Figure 6.

GABA-induced burst firing in TRN mediates long-latency inhibition in VB. VB thalamic neurons were recorded in the presence of blockers of excitatory neurotransmission, using a Cs-based internal solution. Cells were held at 0 mV. IPSCs were evoked with single stimuli, using stimulus electrodes placed in the TRN. A, B, Bath application of subsaturating concentrations of gabazine (0.2 μm) partially reduced short-latency IPSCs but completely eliminated long-latency IPSCs. A, Multiple trials are shown, recorded in control conditions and following wash-in of gabazine (0.2 μm). B, Time course of the IPSC integral (measured as the area underneath the current trace, normalized to baseline) for both short- (open circles) and long-latency responses (filled circles) during wash-in of gabazine (0.2 μm). The neuron is the same as in A. C, D, Bath application of WIN55,212 (WIN) (5 μm) reduced the amplitude of short-latency IPSCs but completely eliminated the long-latency IPSCs.
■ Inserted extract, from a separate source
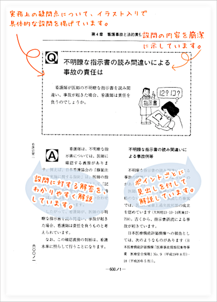 ◆看護事故に関する設問では、裁判事例を多数紹介しながら、求められる注意義務と責任について詳しく解説しています。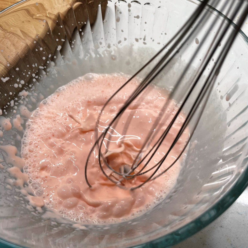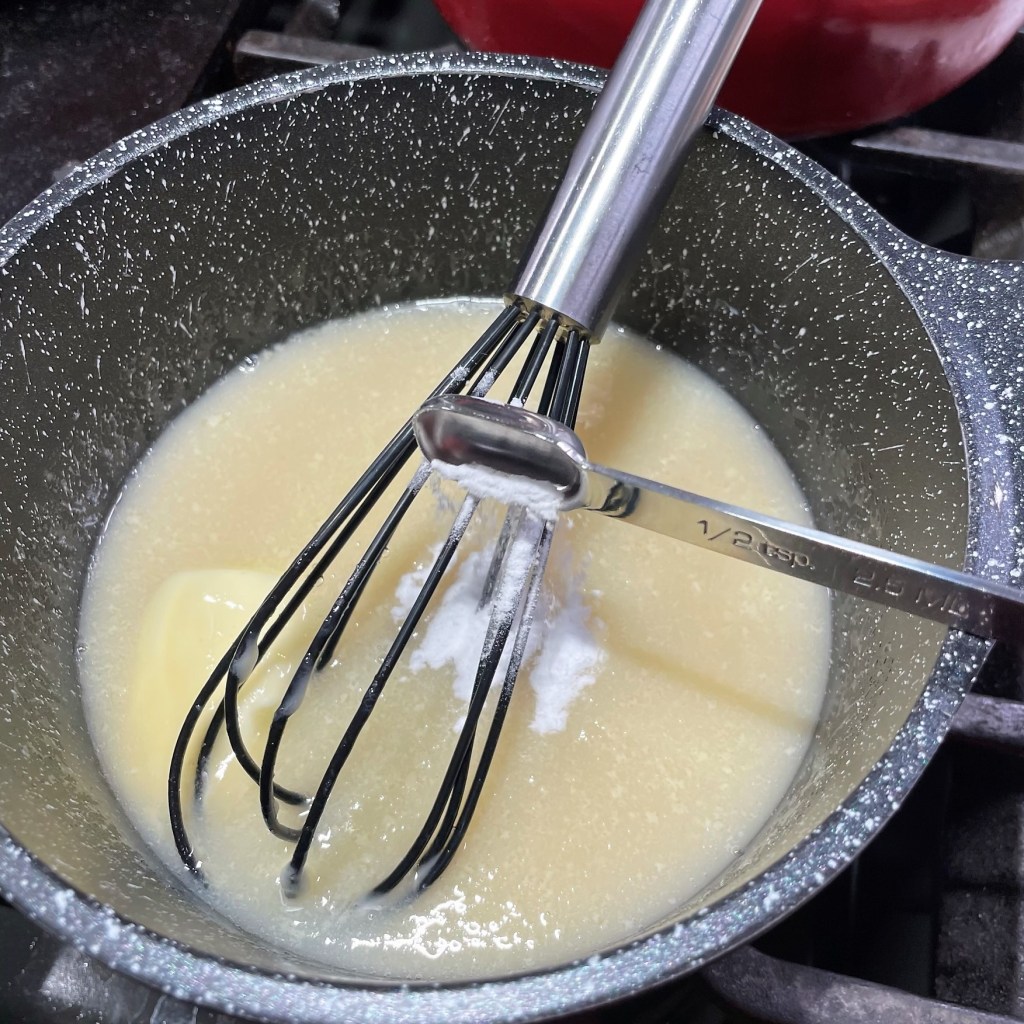 One of the things I wanted to avoid with this recipe was having a batter that was too wet. Pancakes need a certain amount of heft to hold up when they hit the griddle, so I opted to roast my sweet potato rather than boil it in chunks. This also turned out to be an easier method, given that I didn’t have to mess with peeling or cutting up the sweet potato. I scooped out about a half cup of the flesh and blended it with egg, buttermilk and melted butter, then stirred it into the drained mushy cornmeal.

C, Multiple trials are shown, recorded in control conditions and following bath application of WIN (5 μm). D, Time course of IPSC integral of short- (open circles) and long-latency responses (filled circles) during wash-in of WIN. The neuron is the same as in C. E, F, Pharmacological block of T-type Ca²⁺ channels by application of TTA-P2 (1 μm) eliminated the long-latency IPSC but did not influence short-latency IPSC. E, Multiple trials are shown, recorded in control conditions and following bath application of TTA-P2 (1 μm). F, Time course of IPSC integral for short- (open circles) and long-latency responses (filled circles). The neuron is the same as in E. G, Summary plot quantifying the effect of gabazine (10 μm; n = 5), low concentrations of gabazine (0.2 μm, n = 5), the CB1 receptor agonist WIN (n = 5), and TTA-P2 (n = 5) on short- (open bars) and long-latency IPSCs (gray bars). Error bars indicate SEM. H, Schematic illustrating TRN neuronal circuit mediating short- and long-latency IPSCs in VB neurons. Lat., Latency.